目をそっと開けると、薄暗い家の中で手足を縄で縛られている。
「うぅぅ……う……」
女性の声が聞こえる。身体の向きを変えてみると、なんとルフィナ嬢も同じように縛られて床に寝転がされていた。時間がわからないが、日の傾きからするにどうやら夕刻前のようだ。窓からは傾いた日の光が差し込んでいる。
「ルフィナ嬢、大丈夫か?」
幸い口を縛られていなかったので声をかける。声を出しても構わないということは、この家は王都でも郊外の方なのか。家の様子を見ると、どこかの貴族の屋敷のように見える。
「い、痛い」
「ルフィナ嬢、どこが痛い?」
「はぁ……あぁ、お姉さま……ごめんなさい」
身体をくねらせて彼女に近づくと、泣き始めてしまった。
「ううっ、ぐすっ、う……お、お姉さま……私……」
「ルフィナ嬢、何があったのか教えて欲しい、どうしてこんなことを」
今、ここに閉じ込められている理由が知りたい。彼女が絡んでいるとして、どうしてこうなったのだろう。
「ごめんなさい……お姉さまが、もう、遠くに行かれてしまうと思って、私……ううっ、ぐすっ」
「ルフィナ嬢、私はどこにも行かないよ、どうしてそう思ったの?」
「だって、お姉さまが二人もの男性から、プロポーズされているのを見て……お姉さまは困っていると思って」
「うん、それで、どうしたの?」
あの場面を見られていたのか。しかし、そこからどうして私が攫われないといけないのか。

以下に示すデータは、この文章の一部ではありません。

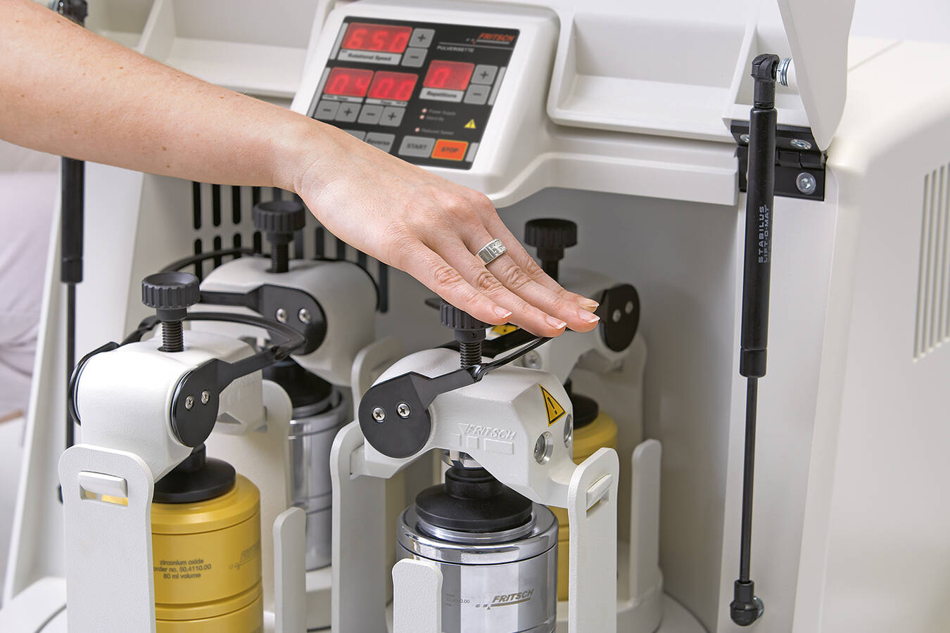 FRITSCH Planeten-Kugelmühlen classic line garantieren eine sichere Verspannung der Mahlbecher, bieten eine besonders leichte, ergonomische Bedienung sowie eine schnelle und leichte Reinigung. Und zeichnen sich durch sichere Reproduzierbarkeit und verlässliche Langlebigkeit auch im Hochleistungs-Dauerbetrieb aus.

「お、お姉さまを助けようと。二人で、知らない国に行こうと、思って……私、私!」
ルフィナ嬢は感極まってまた泣き出してしまう。頼むから、泣くのではなくて教えて欲しい。
「それで、誰に何を頼んだのかな。ルフィナ嬢」
「お、お姉さま。わ、私、昨夜知らない男の方に声をかけられましたの。困っているお姉さまを助けたいのであれば、今日、あのお店にお姉さまだけを連れて来いって」
「そうなの。で、その知らない男の言う通りにしたの?」
「わ、私も怪しいと思ったのですが、それよりもお姉さまを助けられるなら! って……でも、でも。その人はお姉さまを気絶させるから、私が怒ったら今度は、わ、私をっ」
ルフィナ嬢はまたひどく泣き始めてしまう。だが、大筋の話は見えてきた。犯人は最初から私狙いでルフィナ嬢を利用したのであろう。彼女を使って私をおびき寄せるために。
「はぁ、参ったな」
思わずため息が出る。手を動かしてみるが、縛り方はどうやらプロの仕事のようだ。だが、これなら時間をかければ何とか解けると思うが、すぐには自由にならない。
どうやら犯人たちは、私がスーレル王太子殿下と一緒であったことには気がつかなかったようだ。ならば今頃、殿下の護衛が走っているに違いない。昼前に攫われたとすると、それから半日経っている。護衛達はお父様に私がいなくなったことを伝えるであろう。
もう既に捜索隊が組まれているに違いない。だが、この場所を探し出すことができるだろうか。
どうにかして捜索隊に私がここにいることを知らせたいけれど……。一人であれば、どうにかできたかもしれないが、今私の傍にはルフィナ嬢がいる。
彼女を助けながら自分が助かる道を探さないといけない。どうするべきか、どうしたらいいのか。床に転がりながら私は必死に考えていた。
その時ガチャリと扉が開き、ドカドカと男たちが入ってくる足音が聞こえた。